Literature DB >> 31649109

Atypical KRASG12R Mutant Is Impaired in PI3K Signaling and Macropinocytosis in Pancreatic Cancer.

G Aaron Hobbs1, Nicole M Baker1, Anne M Miermont2, Ryan D Thurman3, Mariaelena Pierobon4, Timothy H Tran5, Andrew O Anderson2, Andrew M Waters6, J Nathaniel Diehl7, Bjoern Papke6, Richard G Hodge6, Jennifer E Klomp6, Craig M Goodwin6, Jonathan M DeLiberty1, Junning Wang8, Raymond W S Ng8, Prson Gautam9, Kirsten L Bryant1, Dominic Esposito5, Sharon L Campbell3,6, Emanuel F Petricoin4, Dhirendra K Simanshu5, Andrew J Aguirre8,10, Brian M Wolpin8, Krister Wennerberg9,11, Udo Rudloff12,13, Adrienne D Cox1,6,14, Channing J Der15,6,7.   

Abstract

Allele-specific signaling by different KRAS alleles remains poorly understood.
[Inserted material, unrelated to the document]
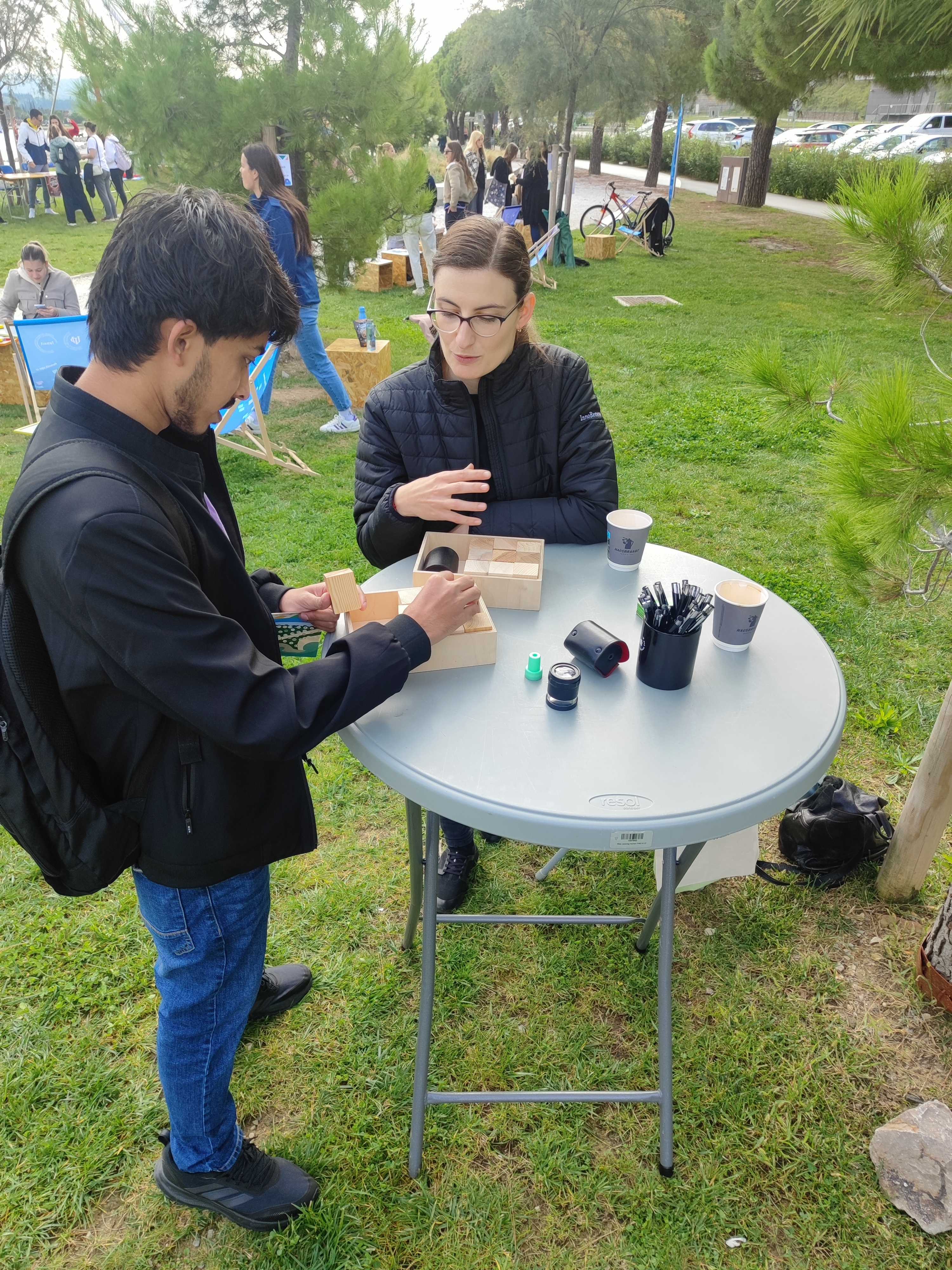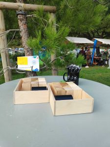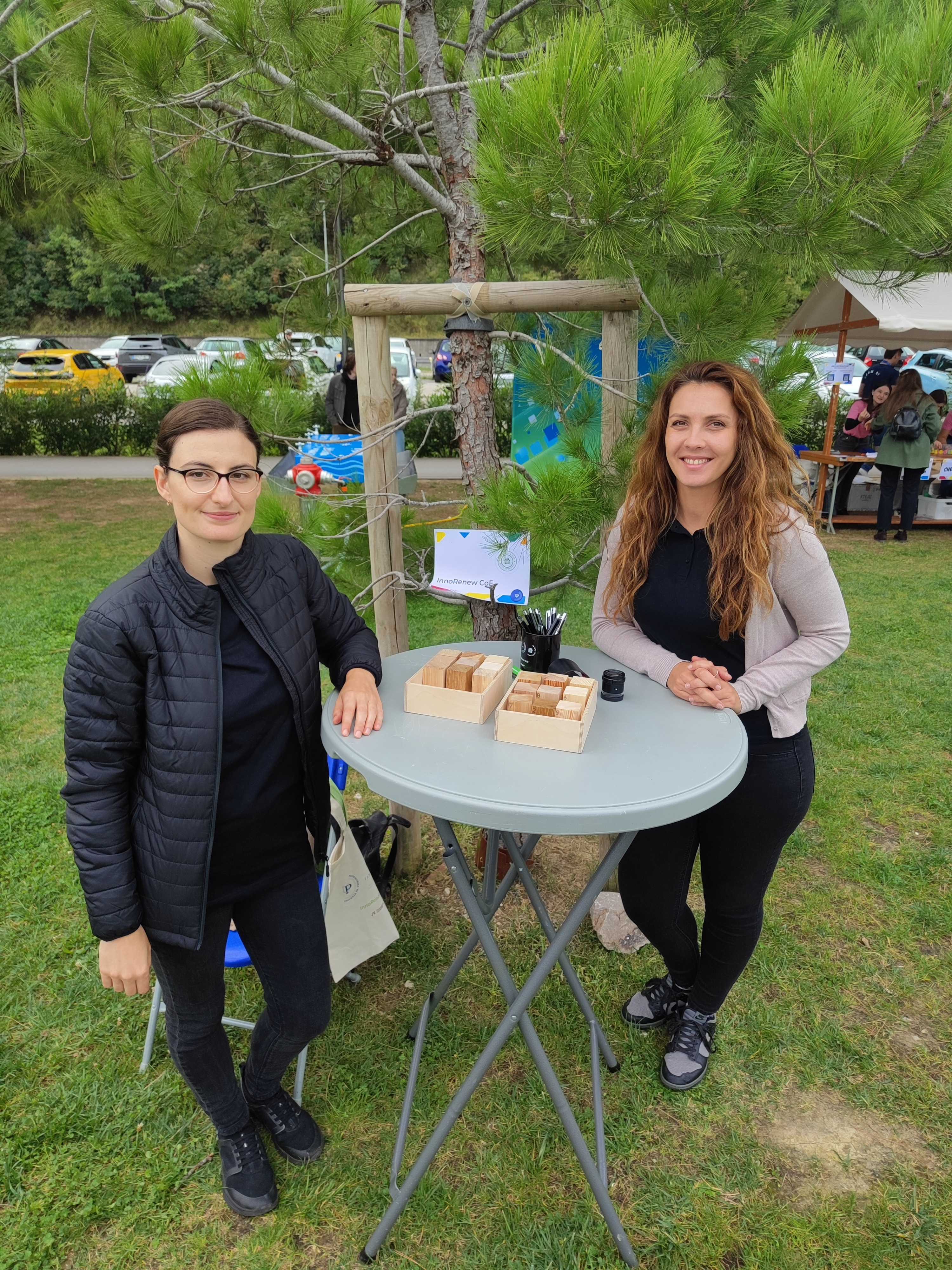 Amina Selmanović and Olga Srejić from InnoRenew CoE, UP IAM, took part in the event and presented InnoRenew CoE. They prepared different wood samples for participants, and they had to guess both the species and the approximate age of each piece.

The KRAS G12R mutation displays uneven prevalence among cancers that harbor the highest occurrence of KRAS mutations: It is rare (∼1%) in lung and colorectal cancers, yet relatively common (∼20%) in pancreatic ductal adenocarcinoma (PDAC), suggesting context-specific properties. We evaluated whether KRASG12R is functionally distinct from the more common KRASG12D- or KRASG12V-mutant proteins (KRASG12D/V). We found that KRASG12D/V but not KRASG12R drives macropinocytosis and that MYC is essential for macropinocytosis in KRASG12D/V- but not KRASG12R-mutant PDAC. Surprisingly, we found that KRASG12R is defective for interaction with a key effector, p110α PI3K (PI3Kα), due to structural perturbations in switch II. Instead, upregulated KRAS-independent PI3Kγ activity was able to support macropinocytosis in KRASG12R-mutant PDAC. Finally, we determined that KRASG12R-mutant PDAC displayed a distinct drug sensitivity profile compared with KRASG12D-mutant PDAC but is still responsive to the combined inhibition of ERK and autophagy. SIGNIFICANCE: We determined that KRASG12R is impaired in activating a key effector, p110α PI3K. As such, KRASG12R is impaired in driving macropinocytosis. However, overexpression of PI3Kγ in PDAC compensates for this deficiency, providing one basis for the prevalence of this otherwise rare KRAS mutant in pancreatic cancer but not other cancers.See related commentary by Falcomatà et al., p. 23.This article is highlighted in the In This Issue feature, p. 1. ©2019 American Association for Cancer Research.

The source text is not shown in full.